According to the results, the proposed methods of continuous authentication based on SMCD are more effective than all other methods. Meanwhile, methods based on the composition of the k nearest neighbors method and the sum of maximum coordinate deviations report the best accuracy. It is worth noting that the proposed method based on the sum of maximum coordinate deviations surpasses methods based on other considered modifications of the Hausdorff distance.

Table 1. Description of tested algorithms.

Table 2. Experiments results.

5 Conclusion

Continuous keystroke dynamics-based user authentication is one of the most promising areas of authentication methods development. We propose new approaches to this problem that are based on the Hausdorff distance and its modifications as well as new methods based on the Hausdorff distance modification, the sum of maximum coordinate deviations.

According to the results of experimental research, the proposed method based on the sum of the maximum coordinate deviations with k nearest keyboard vectors selection reports the median value of the ROC AUC equal to 0.987. Thus, this method surpasses all other considered approaches, including the existing method based on Kolmogorov-Smirnov statistics, which is considered one of the most effective methods of one-class user authentication using keystroke dynamics, and a method based on a fully convolutional autoencoder.

Despite favorable experimental results, there are ways to extend the research. First of all, to guarantee language independence, the proposed method’s performance should be evaluated on datasets in other languages.

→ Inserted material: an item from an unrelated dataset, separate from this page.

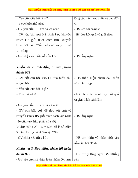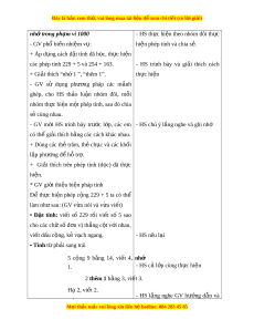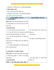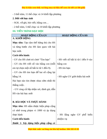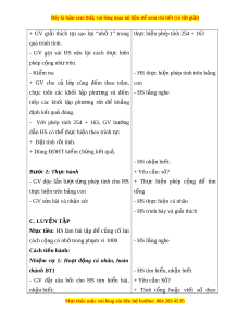 Đây là bản xem th , vu ử i lòng mua tài li u ệ đ xe ể m chi ti t (c ế ó l i ờ gi i ả ) - 3 th t ẻ răm, 11 th ch ẻ c và 14 kh ụ i ố l p ph ậ ư ng ơ 2. Đ i ố v i ớ h c s ọ inh - SGK. v ghi ở , bút vi t ế , b ng con… ả - 2 th t ẻ răm, 5 th ch ẻ c và ụ 10 kh i ố l p ậ phư ng ơ III. TI N Ế TRÌNH D Y Ạ H C Ọ HOẠT Đ N Ộ G C A Ủ GV HOẠT Đ N Ộ G C A Ủ HS A. KH I Ở Đ N Ộ G Mục tiêu: T o ạ tâm thế h ng ứ thú cho HS và t ng ừ bư c ớ cho HS làm quen v i ớ bài h c ọ m i ớ . Cách ti n hà ế nh: - GV cho HS ch i ơ trò ch i ơ “Tìm b n” ạ - HS vi t ế số b t ấ kì t ừ 1 đ n ế 9 vào - GV cho HS vi t ế số vào b ng ả con (m i ỗ b ng ả con em t ch ự n ọ m t ộ s b ố t ấ kì t 1 đ ừ n 9) ế . - HS tìm b n ạ - GV cho HS tìm b n ạ để hai số c ng ộ l i ạ b ng ằ 14. - HS nghe GV gi i ớ thi u bài ệ m i ớ Hai b n ạ nào tìm đư c ợ nhau s m ớ nh t ấ thì th ng ắ cu c. ộ - GV cùng cả l p ớ nh n ậ xét, đánh giá, d n ẫ HS vào bài h c ọ m i ớ B. BÀI H C Ọ VÀ TH C Ự HÀNH Mục tiêu: HS n m ắ đư c ợ bi n ệ pháp c ng ộ có nhớ trong ph m ạ vi 1000 và áp d ng ụ th c ự hành - HS l ng ắ nghe GV phổ bi n ế Cách ti n hà ế nh: nhiệm vụ

Secondly, with the proposed approach the size of the feature vector strongly depends on the sliding window size, i.e. in case of a smaller window fewer significant features can be extracted. Thus, to use a smaller sliding window different methods of feature extraction should be explored. Also, we plan to make a more detailed comparison with statistical and deep learning methods.